Цагеридзе подумал. За последние дни он уже второй раз от Перевалова слышит этот вопрос. Мучается парень.

- Правильнее всего, Саша, мне бы ответить: сам не знаю. Откуда я могу знать! Многие тысячи лет люди живут на земле и не разгадали еще. Почему бы иначе ты спрашивал? Не пришла любовь, говорят: "Нет любви!" Пришла любовь, говорят: "Есть любовь!" Думаю: не верит человек - нет любви, верит в любовь - есть любовь. Не поверишь - не будет. Поверишь - будет! С какой силой поверишь в нее, с такой силой и придет она! - В упор, даже строго, прикрикнул: - Почему не веришь, что Лида любит тебя?

- Так она же не любит!

- Не веришь, вот и не любит. Поверь. Объясни. Докажи. Полюбит!

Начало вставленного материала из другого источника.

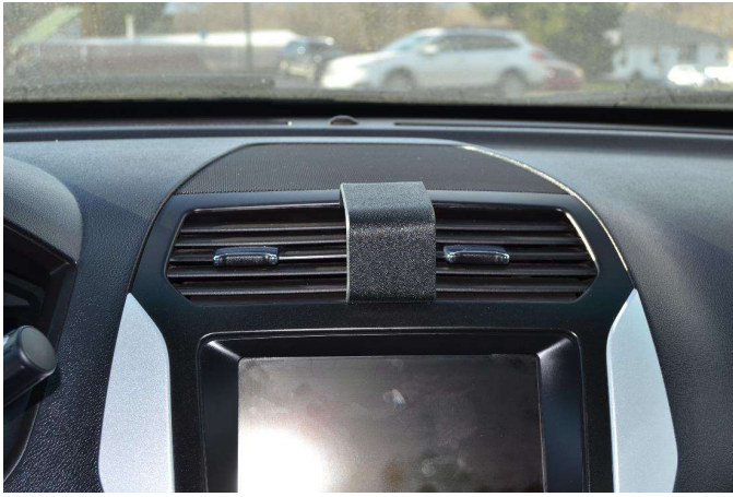
Designed for: Ford Explorer 2011-2015

- Н-нет, - сбивая шапку на лоб, сказал Перевалов, - все это как-то не так. Вон Максим Петухов у всех на глазах между двух метался. А сказать теперь - почему не любовь у него с Ребезовой? Захватила. Полняком. Тут я верю! Другой вопрос: Куренчанин и Загорецкая? Эти оба друг к другу спиной, поверни их лицом, опять отвернутся. А на расстояние, между прочим, тоже не отойдут. Не видно, что ли? Как считать, и это любовь? Не поверю! Страдание... Да уж если на то пошло, третий вопрос у меня. Вот ваш совет... Дескать, ходи за Лидой, объясняй ей, доказывай. Верь. Честно вам скажу: на других девушек мне даже не смотрится. Эта все время в глазах стоит. А ходить за ней я не могу. И объяснять не могу. И доказывать. Не верю, что доказать можно. А спиной к ней тоже не повернусь. Всю жизнь на нее глядеть буду. Хоть издали. А там как получится. Разве и это любовь?

- Любовь, Саша! Все - любовь!

Перевалов помрачнел.

- Не надо, однако, нам больше говорить о таком. Как думаете, Николай Григорьевич, хорошо у Василия Петровича рука срастется? Ничего, что она у него так распухла и почернела?

- Срастется. Хорошо срастется, - ответил Цагеридзе.

А сам подумал, что составлять руку Василию Петровичу пришлось под общим наркозом, так чудовищно сильна была боль. Врач сказал: "Очень тяжелый перелом. Возможно развитие гангрены, впоследствии - сухорукость. Будем зорко следить". За его, Цагеридзе, ногой, раздавленной немецким танком, тоже зорко следили. А сколько лет пришлось проваляться в госпитале!